3x² + 3xy – xy – y² = 3x (x + y) – y (x + y) 

= (3 x – y)(x + y) 

So 3x² + 2xy – y² = 0 ⇒ (3x – y) (x + y) = 0 

⇒ 3x – y = 0 and x + y = 0

(ii) 6 (x – 1)² + 5 (x – 1)(y – 2) – 4(y – 2)² = 0 

⇒ 6(x² – 2x +1) + 5(xy – 2x – y + 2) – 4(y² – 4y + 4) = 0 

(i.e) 6x² – 12x + 6 + 5xy – 10x – 5y + 10 – 4y² + 16y – 16 = 0 

(i.e) 6x² + 5xy – 4y² – 22x + 11y = 0 

Factorising 6x² + 5xy – 4y² we get

6x² – 3xy + 8xy – 4y² = 3x (2x – y) + 4y (2x – y) 

= (3x + 4y)(2x – y) 

So, 6x² + 5xy – 4y² – 22x + 11y = (3x + 4y + l )(2x – y + m) 

Equating coefficient of x ⇒ 3m + 21 = -22 ... (1) 

Equating coefficient of y ⇒ 4m – l = 11 ... (2) 

Solving (1) and (2) we get l = -11, m = 0 

So the separate equations are 3x + 4y – 11 = 0 and 2x – y = 0

(iii) 2x² – xy – 3y² – 6x + 19y – 20 = 0 

Factorising 2x² – xy – 3y² we get 

2x² – xy – 3y² = 2x² + 2xy – 3xy – 3y² 

= 2x(x + y) – 3y(x + y) = (2x – 3y) (x + y) 
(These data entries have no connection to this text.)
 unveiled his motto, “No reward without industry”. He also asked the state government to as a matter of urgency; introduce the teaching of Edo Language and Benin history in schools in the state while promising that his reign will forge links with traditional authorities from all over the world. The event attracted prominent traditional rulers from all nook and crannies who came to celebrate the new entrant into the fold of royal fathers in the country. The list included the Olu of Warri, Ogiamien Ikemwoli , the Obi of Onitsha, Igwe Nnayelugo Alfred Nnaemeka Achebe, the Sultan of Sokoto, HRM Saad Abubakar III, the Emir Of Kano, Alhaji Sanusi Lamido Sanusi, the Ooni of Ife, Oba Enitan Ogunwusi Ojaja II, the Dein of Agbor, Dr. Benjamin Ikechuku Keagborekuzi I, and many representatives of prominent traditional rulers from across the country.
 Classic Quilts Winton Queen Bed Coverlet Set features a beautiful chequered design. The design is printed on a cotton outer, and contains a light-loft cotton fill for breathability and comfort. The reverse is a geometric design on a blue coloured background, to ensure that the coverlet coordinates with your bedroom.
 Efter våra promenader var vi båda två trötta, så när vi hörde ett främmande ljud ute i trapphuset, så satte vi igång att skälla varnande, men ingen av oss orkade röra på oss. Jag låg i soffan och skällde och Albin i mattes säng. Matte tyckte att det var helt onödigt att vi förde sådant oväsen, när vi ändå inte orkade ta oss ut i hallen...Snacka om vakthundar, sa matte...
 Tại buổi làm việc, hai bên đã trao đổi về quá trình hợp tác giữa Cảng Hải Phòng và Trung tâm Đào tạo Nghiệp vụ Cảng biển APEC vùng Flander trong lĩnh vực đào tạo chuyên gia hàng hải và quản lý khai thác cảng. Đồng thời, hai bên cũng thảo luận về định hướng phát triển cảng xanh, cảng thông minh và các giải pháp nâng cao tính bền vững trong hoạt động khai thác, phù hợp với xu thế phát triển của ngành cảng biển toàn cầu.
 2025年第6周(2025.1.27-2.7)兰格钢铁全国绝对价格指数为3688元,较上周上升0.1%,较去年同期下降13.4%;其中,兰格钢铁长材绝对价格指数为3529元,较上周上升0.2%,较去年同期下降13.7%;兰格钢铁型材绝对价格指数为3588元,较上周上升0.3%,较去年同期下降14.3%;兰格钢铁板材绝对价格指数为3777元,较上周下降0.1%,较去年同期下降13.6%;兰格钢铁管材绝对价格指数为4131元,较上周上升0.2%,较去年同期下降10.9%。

∴ 2x² – xy – 3y² – 6x + 19y – 20 = (2x – 3y + l)(x + y + m) 

Equating coefficient of x 2m + l = -6 ... (1) 

Equating coefficient of y -3m + l = 19 ... (2) 

Constant term -20 = lm 

Solving (1) and (2) we get l = 4 and m = – 5 where lm = – 20. 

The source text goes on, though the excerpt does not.